When children are old enough to have an opinion on such things, many families wonder whether the child’s preference on whether to live with mom or dad can or should play a role in the final decision. Not surprisingly, the answer depends on the situation.
Situation One: Everybody Agrees
In practice, joint agreement among the adults involved in the custody matter is the most common way to resolve custody questions. Thus, if the child and the parents (or other adults involved) are in agreement about where the child should primarily live, then the child’s wishes can be honored. To the extent that a child can make his or her wishes known and the adults agree, the child can essentially “decide” where to live. This is not uncommon, since the child may clearly be more bonded with one parent, and the parents may share the understanding that the child needs to live with the more bonded parent.
Ideally, parents know their children the best and are in the best position to make decisions about how to best meet the needs and best interests of their child.

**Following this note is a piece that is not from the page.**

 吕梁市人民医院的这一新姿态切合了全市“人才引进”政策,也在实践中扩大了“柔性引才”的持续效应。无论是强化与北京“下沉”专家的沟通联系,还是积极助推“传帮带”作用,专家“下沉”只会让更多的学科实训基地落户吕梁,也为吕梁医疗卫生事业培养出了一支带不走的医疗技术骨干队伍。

If parents can come to mutual agreement about living arrangements, then they can also be flexible to revisit which home would be best if the child’s needs change as he or she gets older. So, if the needs of the child begin to shift as the child ages into the teenage years, the adults may be able to go along with the child’s wishes if, for example, he feels that he would be better off living with Dad for a few years. As long as everyone agrees, the custody arrangement is flexible and the child’s wishes can carry as much weight as the adults give them.

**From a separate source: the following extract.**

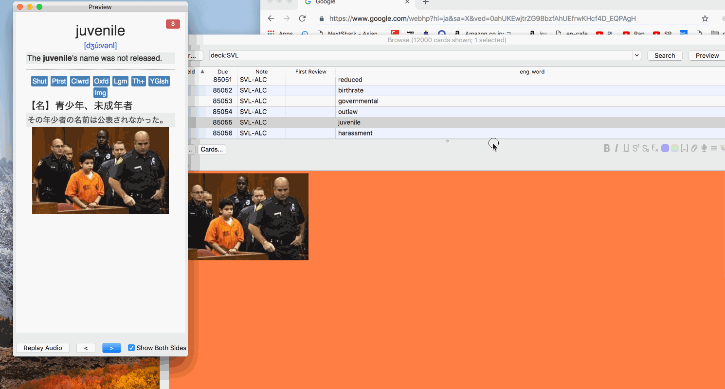 This add-on is basically for my own benefits, so I will explain some background. Remembering completely vocabulary is always difficult. To aid to create some clue in my brain, I found associating an image with the vocabulary is really efficient. So I started associating images with each word in my decks which have 12000 vocabularies. Then I noticed

Situation Two: One Party Disagrees
In contested cases where the parties (and perhaps the child as well) do not agree on how to resolve the custody matter, then the matter will likely be decided by a judge in domestic court. In North Carolina domestic cases, there is no specific age at which the child’s opinion must or may be considered. The judge has no obligation to find out the child’s opinion, or honor it once given. Instead, the judge has discretion to give the child’s wishes as much (or as little) weight as he finds appropriate under the circumstances. Judges are tasked solely with determining what is in the child’s best interests, not what the parents or the child prefer.
In determining what is in the child’s best interests, judges look at a number of factors, including the parents’ physical and mental health, the provision of affection and stability, sensitivity to the child’s needs, and the nature of communications between the parents. Since each judge has complete control to weigh and balance a number of factors, it is very difficult to determine whether the judge’s decision will mirror the wishes of the child. This is true even if the child is 16 or older and expresses a strong preference; unlike many other states, the judge may determine that the child’s best interests are served by completely overriding the teen’s preference.

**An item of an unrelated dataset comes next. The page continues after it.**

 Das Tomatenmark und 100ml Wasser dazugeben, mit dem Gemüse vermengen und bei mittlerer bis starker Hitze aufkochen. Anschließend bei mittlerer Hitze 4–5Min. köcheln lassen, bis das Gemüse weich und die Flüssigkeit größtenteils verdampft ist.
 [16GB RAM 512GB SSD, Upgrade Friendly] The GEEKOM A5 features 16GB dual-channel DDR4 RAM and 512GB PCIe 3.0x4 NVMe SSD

Although this standard may be harsh in some cases, the reality is that many judges exercise their discretion to consider more thoughtfully the reasonable wishes of a child as he or she gets older. Judges are certainly smart enough to know that keeping a child in a home where he or she does not want to stay becomes more and more difficult as the child passes 14, 15, or 16 years old. Therefore many judges give more consideration to a teenager’s wishes when those wishes correspond to the emotional needs and relationship issues of the teenager. The bottom line is that, in cases where a judge must determine custody, the judge is bound only by the best interests of the child, and will heed the child’s input only to the extent that it illuminates what is in his or her best interests.